I have a Victor bike that was my father's and my grandfather's. We believe that it must be from around 1910-1920. It has or had wooden wheels and interesting fenders. I would like to restore it but it may be too far gone. Does anyone have anything similar or any information about this make. Any info is appreciated! Thanks!


----------



## Antique Archaeology

*Victor bike*

Hey.
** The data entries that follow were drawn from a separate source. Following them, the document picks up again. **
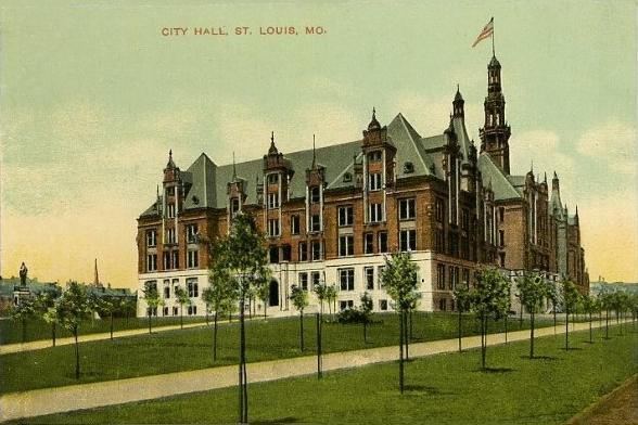 City Hall, St. Louis, MO; from a 1907 postcard. Designed by the St. Joseph, Missouri architectural firm of Eckel & Mann, it was built in 1893.
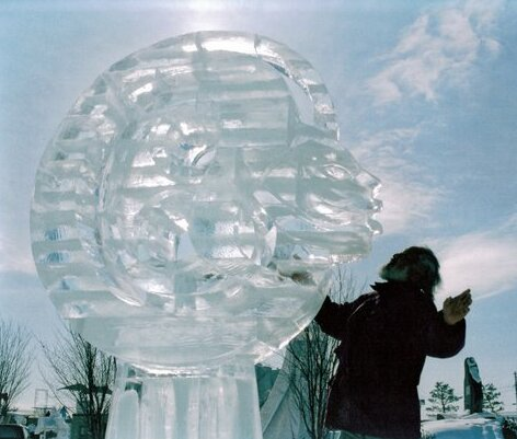 1 Abel Ramírez Águilar with ice sculpture called "Glifo Maya" at the International Competition in Snow and Ice Arts in Higashikawa, Japan
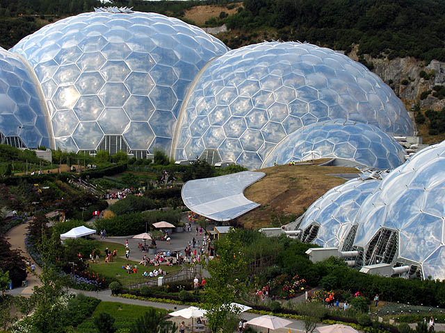 The Eden Project. This is a view from the entrance building, looking towards the humid biomes and the section connecting the humid and the other biomes.
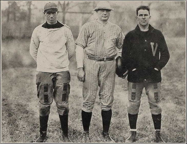 Vandy Coaches Wallace Wade, Dan McGugin, and Lewie Hardage in 1922.

I will give you 100.00 for the front fender...M


----------



## pelletman

Victor in Chicopee MA made bikes from 1883 to 1899 or so and then went out of business.  Another company took their name and built bikes in NY at least in the 20's.  The one you have is the later one.  Probably not worth restoring if it is for the money, if you do it it will be for the sentimental value, which is probably worth it.


----------



## dave the wave

*restore it*

I say restore it.spray it with WD-40 and see if there is any pinstripes.then try to get the front fork off,to see if there's any paint on the neck.the front fender is rare because Indian bicycles had that style fender and other bicycle brands.It be a easy resto.only a few parts to nickel and the rest paint.value of the bike?about $300.good luck.


----------



## walter branche

*front fender*

i will buy the front fender if its for sale ,let me know wbranche@cfl.rr.com, thanks pb


----------



## mre straightbar

hell i need the front fender too highest bidder?


----------



## mre straightbar

and ill give you one to replace it


----------



## kunzog

Put my name in the hat for the front fender too!


----------



## walter branche

*how much for the fender 250.00??*

if you are going to sell the fender i will offer 250.00 let me know ,,thanks walter branche   wbranche@cfl.rr.com


----------



## mre straightbar

and a replacement fender!


----------



## balloontirecruiser

Someone did the back wheel a favor  I wonder how that happened... I suppose they must eventually get brittle over time. Neat bike.


----------



## redline1968

how about trades for the fender or whole bike?  or a paint job?


----------